(Task statement):
All of the records below should be retyped exactly, with no pictures included.

[Dataset records]
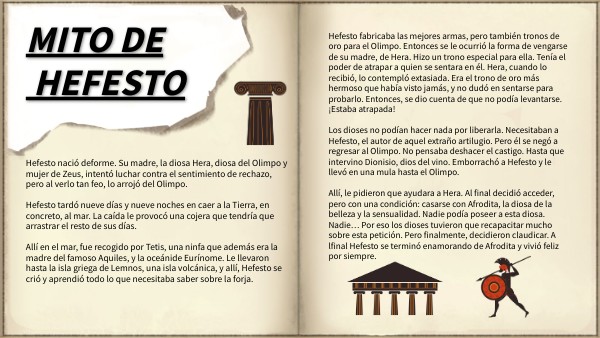 Hefesto fabricaba las mejores armas, pero también tronos de oro para el Olimpo. Entonces se le ocurrió la forma de vengarse de su madre, de Hera. Hizo un trono especial para ella. Tenía el poder de atrapar a quien se sentara en él. Hera, cuando lo recibió, lo contempló extasiada. Era el trono de oro más hermoso que había visto jamás, y no dudó en sentarse para probarlo. Entonces, se dio cuenta de que no podía levantarse. ¡Estaba atrapada! Los dioses no podían hacer nada por liberarla. Necesitaban a Hefesto, el autor de aquel extraño artilugio. Pero él se negó a regresar al Olimpo. No pensaba deshacer el castigo. Hasta que intervino Dionisio, dios del vino. Emborrachó a Hefesto y le llevó en una mula hasta el Olimpo. Allí, le pidieron que ayudara a Hera. Al final decidió acceder, pero con una condición: casarse con Afrodita, la diosa de la belleza y la sensualidad. Nadie podía poseer a esta diosa. Nadie… Por eso los dioses tuvieron que recapacitar mucho sobre esta petición. Pero finalmente, decidieron claudicar. A lfinal Hefesto se terminó enamorando de Afrodita y vivió feliz por siempre.
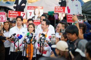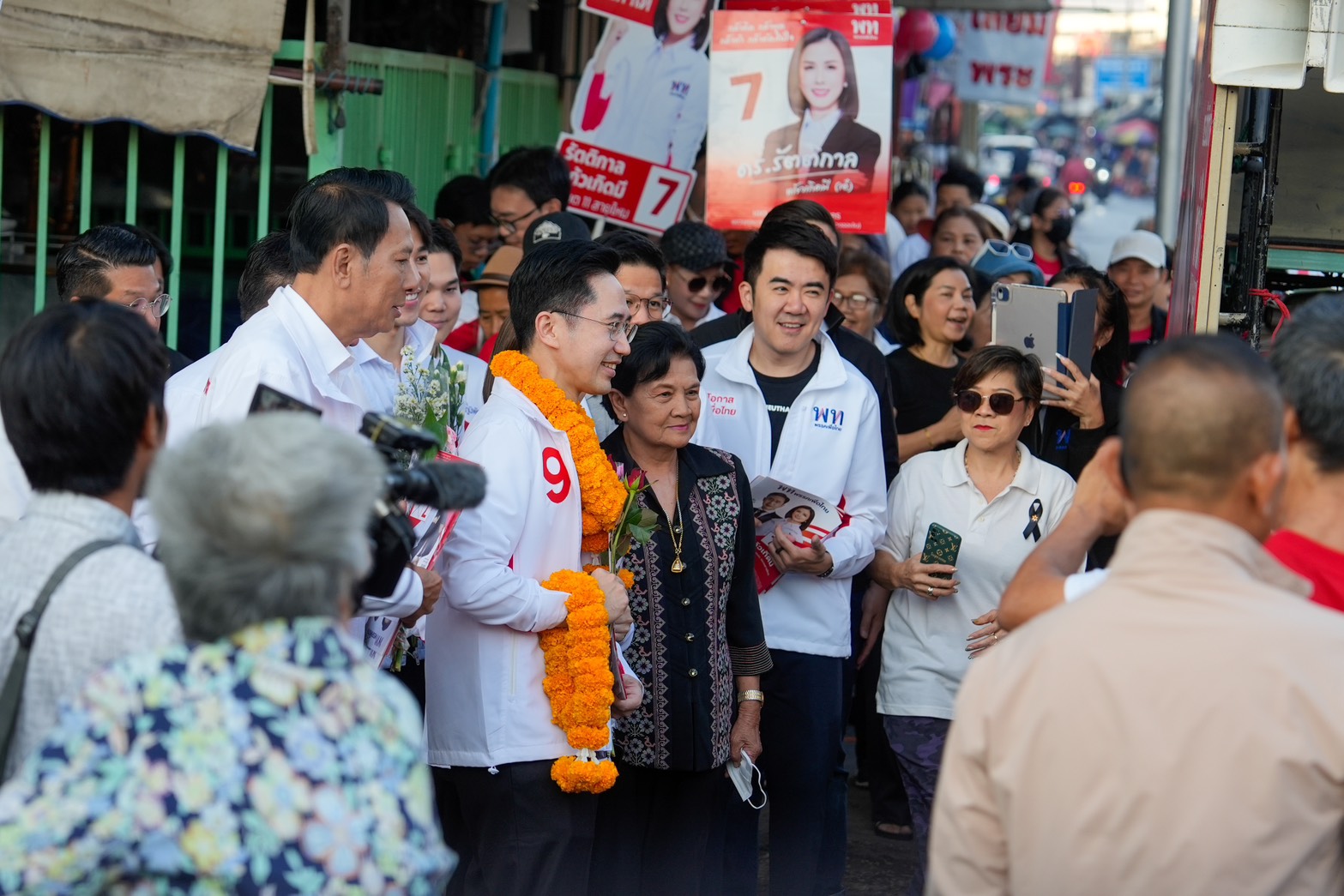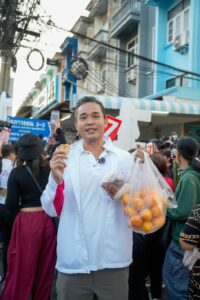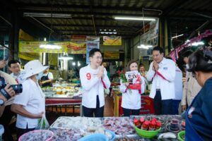 “ยศชนัน-จุลพันธ์” ควงผู้สมัคร กทม.เพื่อไทย เดินตลาดเช้าวัดเกาะ สื่อสารนโยบายแก้ปากท้อง ร่วมจิบกาแฟยามเช้ากับคนมาจ่ายตลาด – เจอป้าสุดปลื้ม ขอหอมแก้ม อ.เชน หน่อย
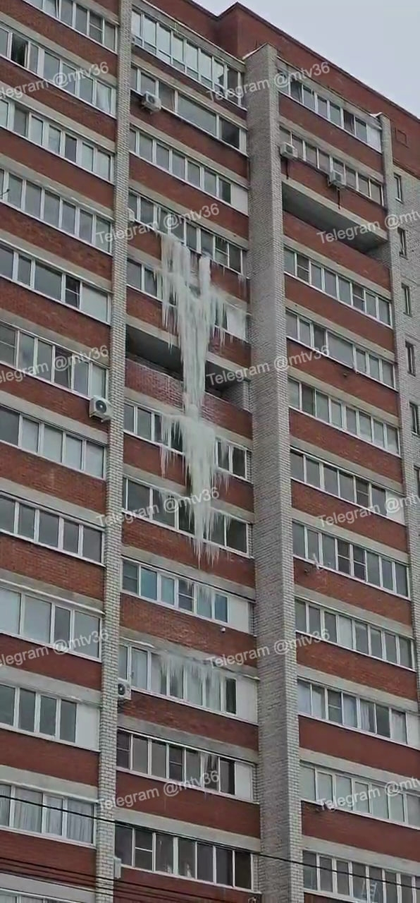 На улице Летчика Колесниченко, 44а, в столице Черноземья произошла настоящая коммунальная беда. По этому адресу располагается шестнадцатиэтажный кирпичный дом, построенный в 2008 году. Издание «Мой и твой Воронеж» опубликовало фото, как с верхних этажей строения начал свисать целый замерзший «водопад». Будто бы кто-то намеренно лил воду, чтобы она затем превратилась в сосульки. При этом размер ледяной глыбы очень внушительный. При падении она может уничтожить все живое.
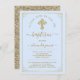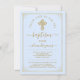 Plain white envelopes are included with paper invitations and will come to fit the invitation size you select. If you don’t need the envelopes, you may choose to not receive them by selecting the dropdown below "Envelopes" and choosing "None." If you’d like to have a design on your envelopes, you can browse all of these available envelopes to find the design that complements your Boy Classic Blue Gold Baptism Invitation.
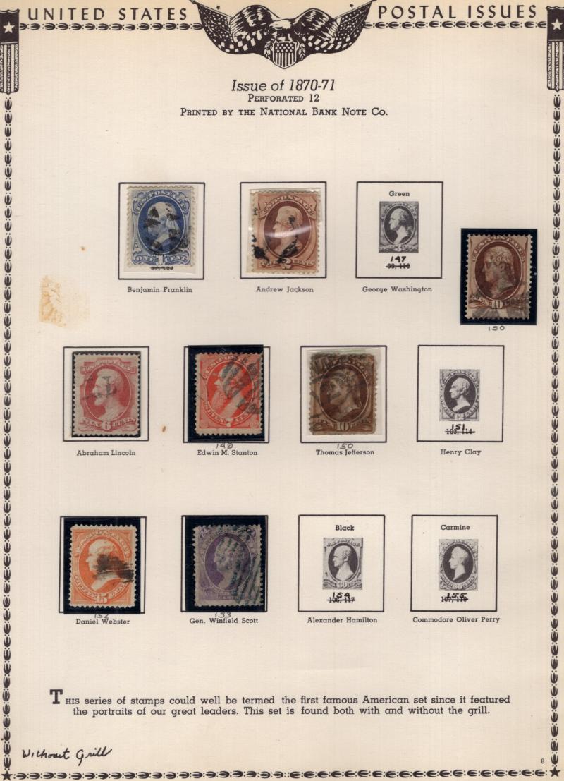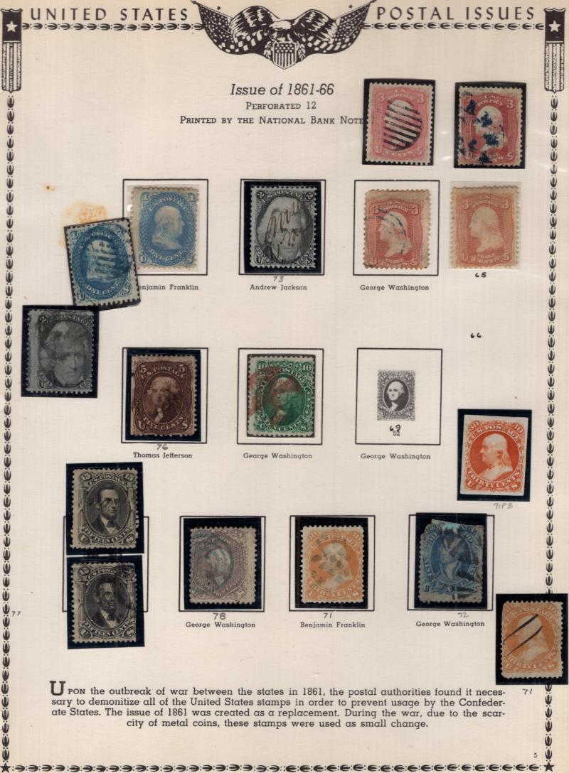 Collection Used (1000s) 1845-1978, hinged in Scott Natl album; commems, regs, BOB & revenues; incl used owner IDed (NV) #9X1, 1, 7, 26A, 68 (2), 69, 71, 73, 76, 77 (2), 78, 78 (b ?), 87, 90, 92, 97 RP, 112-17, 119, 121 flts, 135, 151, 152, 153, 154
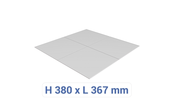 Avec des dimensions de 380 x 367 mm, cette vitre est strictement compatible avec le coffret vanne gaz 450 x 450 x 250 (Réf. 127). Sa faible épaisseur de 2,5 mm lui permet de s'insérer facilement dans les glissières prévues à cet effet, assurant un maintien stable et durable.

(Reply):
 Hefesto fabricaba las mejores armas, pero también tronos de oro para el Olimpo. Entonces se le ocurrió la forma de vengarse de su madre, de Hera. Hizo un trono especial para ella. Tenía el poder de atrapar a quien se sentara en él. Hera, cuando lo recibió, lo contempló extasiada. Era el trono de oro más hermoso que había visto jamás, y no dudó en sentarse para probarlo. Entonces, se dio cuenta de que no podía levantarse. ¡Estaba atrapada! Los dioses no podían hacer nada por liberarla. Necesitaban a Hefesto, el autor de aquel extraño artilugio. Pero él se negó a regresar al Olimpo. No pensaba deshacer el castigo. Hasta que intervino Dionisio, dios del vino. Emborrachó a Hefesto y le llevó en una mula hasta el Olimpo. Allí, le pidieron que ayudara a Hera. Al final decidió acceder, pero con una condición: casarse con Afrodita, la diosa de la belleza y la sensualidad. Nadie podía poseer a esta diosa. Nadie… Por eso los dioses tuvieron que recapacitar mucho sobre esta petición. Pero finalmente, decidieron claudicar. A lfinal Hefesto se terminó enamorando de Afrodita y vivió feliz por siempre.
 “ยศชนัน-จุลพันธ์” ควงผู้สมัคร กทม.เพื่อไทย เดินตลาดเช้าวัดเกาะ สื่อสารนโยบายแก้ปากท้อง ร่วมจิบกาแฟยามเช้ากับคนมาจ่ายตลาด – เจอป้าสุดปลื้ม ขอหอมแก้ม อ.เชน หน่อย
 На улице Летчика Колесниченко, 44а, в столице Черноземья произошла настоящая коммунальная беда. По этому адресу располагается шестнадцатиэтажный кирпичный дом, построенный в 2008 году. Издание «Мой и твой Воронеж» опубликовало фото, как с верхних этажей строения начал свисать целый замерзший «водопад». Будто бы кто-то намеренно лил воду, чтобы она затем превратилась в сосульки. При этом размер ледяной глыбы очень внушительный. При падении она может уничтожить все живое.
 Plain white envelopes are included with paper invitations and will come to fit the invitation size you select. If you don’t need the envelopes, you may choose to not receive them by selecting the dropdown below "Envelopes" and choosing "None." If you’d like to have a design on your envelopes, you can browse all of these available envelopes to find the design that complements your Boy Classic Blue Gold Baptism Invitation.
 Collection Used (1000s) 1845-1978, hinged in Scott Natl album; commems, regs, BOB & revenues; incl used owner IDed (NV) #9X1, 1, 7, 26A, 68 (2), 69, 71, 73, 76, 77 (2), 78, 78 (b ?), 87, 90, 92, 97 RP, 112-17, 119, 121 flts, 135, 151, 152, 153, 154
 Avec des dimensions de 380 x 367 mm, cette vitre est strictement compatible avec le coffret vanne gaz 450 x 450 x 250 (Réf. 127). Sa faible épaisseur de 2,5 mm lui permet de s'insérer facilement dans les glissières prévues à cet effet, assurant un maintien stable et durable.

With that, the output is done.